What is needed (apart from Percona’s team tracking down how the problem can occur in the first place) is some setting to ensure that some proportion of available connections are ALWAYS dedicated to inter-node connections, so that syncing can ALWAYS occur, no matter what. No matter how “badly” an application might be written, there is NO EXCUSE that the cluster can get ITSELF into such a state that it cannot even communicate among its own nodes!
In addition, Percona should be logging its “core-state,” including any internal variables that could indicate that it is “in trouble,” whatever that might mean. That way, at least with Nagios/Icinga or some other monitoring service, you could detect that you had better intervene and restart the nodes BEFORE it’s a full-bootstrap event to regain control of the cluster!
What does “in trouble” mean? I don’t know, but Percona’s engineers SHOULD! Again, this thread is three years old, and there is still no taking the issue seriously from Percona’s perspective. If MY application had this severe of a problem, MY team would be working night and day until we had tracked down how it could EVER happen, and it would have been fixed long before THREE YEARS had passed!
So, for anybody encountering this problem (and this thread in the hopes of finding a solution), I’ll tell you what our “solution” is about to be: We give up on Percona. We’re angry, and this very thread made us much angrier! We’ll be moving to PostgreSQL and meanwhile investigating MySQL’s own cluster (which a couple of years ago had not seemed ready for prime time); perhaps it’s better now. But, seriously, Percona is NOT a production-ready “MySQL cluster,” and the Percona team obviously cannot be bothered to track this FUNDAMENTAL problem down on their own and fix it. The response we see repeated here: “We don’t have enough information” is unbelievably LAME!
To the Percona team, most of the people on this thread have simply moved on (as we’re about to do). You’re not even asking the right questions on this thread. It falls to YOU to replicate this problem and FIX it. Meanwhile, users like us that have been pleased enough with the promise of Percona cluster have devoted COUNTLESS man-hours to trying to “patch up” the underlying issue, and we’re done with it.
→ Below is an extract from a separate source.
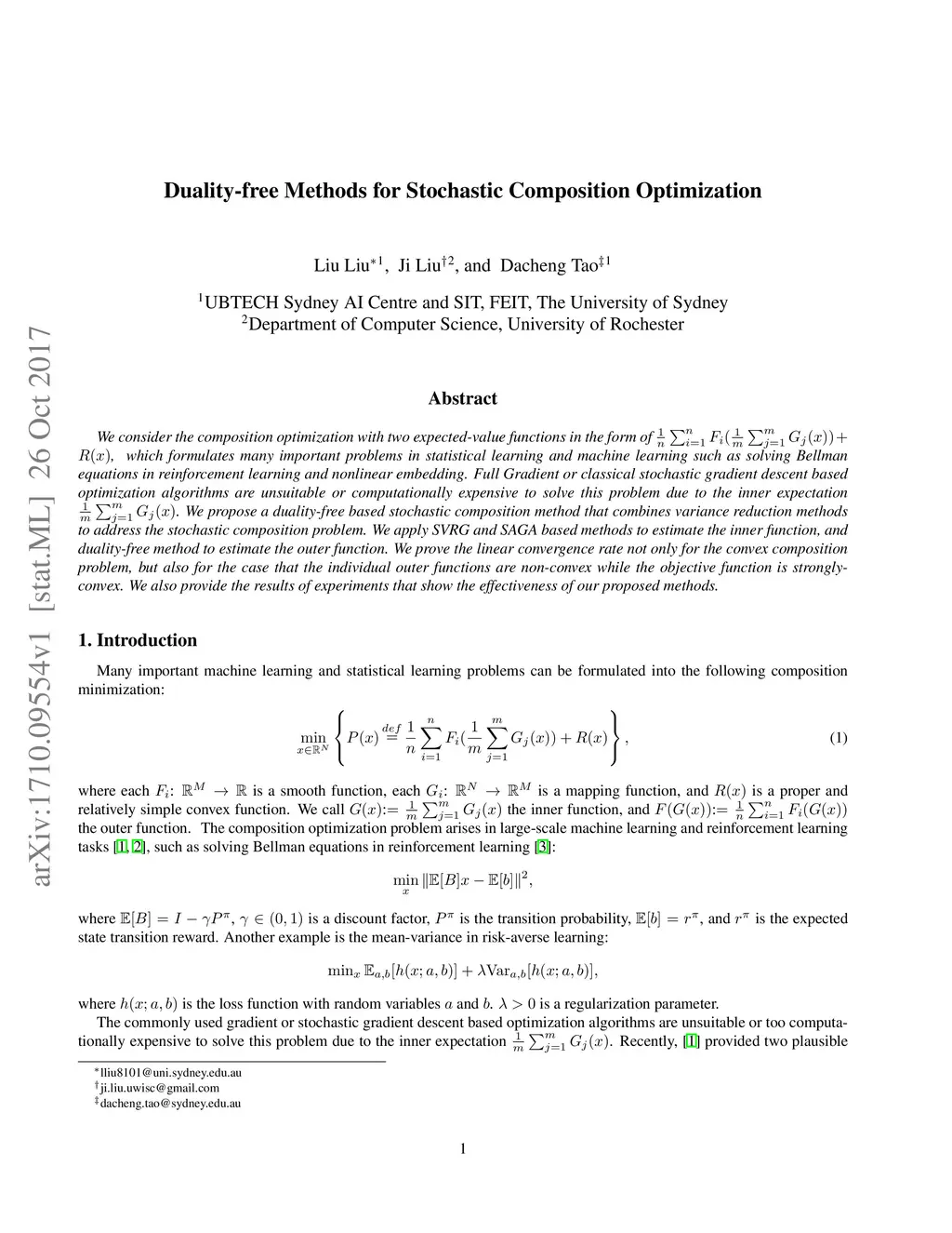 We consider the composition optimization with two expected-value functions in the form of , { which formulates many important problems in statistical learning and machine learning such as solving Bellman equations in reinforcement learning and nonlinear embedding}. Full Gradient or classical stochastic gradient descent based optimization algorithms are unsuitable or computationally expensive to solve this problem due to the inner expectation . We propose a duality-free based stochastic composition method that combines variance reduction methods to address the stochastic composition problem. We apply SVRG and SAGA based methods to estimate the inner function, and duality-free method to estimate the outer function. We prove the linear convergence rate not only for the convex composition problem, but also for the case that the individual outer functions are non-convex while the objective function is strongly-convex. We also provide the results of experiments that show the effectiveness of our proposed methods.

Your dismissive attitude on this thread is quite maddening, and we will no longer try to “patch up” the fact that you don’t acknowledge the problem, track it down, and FIX it after three (and more) years. If you were serious about having a production-ready cluster, you’d be contacting people like us, hat in hand (rather than wanting to CHARGE for the information YOU need), hoping to get us into a screen-sharing session, so that you could review our setup in GREAT detail, so that you could HAVE the information you say on this thread you need. We’d be happy to walk you through our setup, and I believe that you’d be impressed. But in this thread you clearly indicate that you can’t be bothered, and that is, flatly, ridiculous!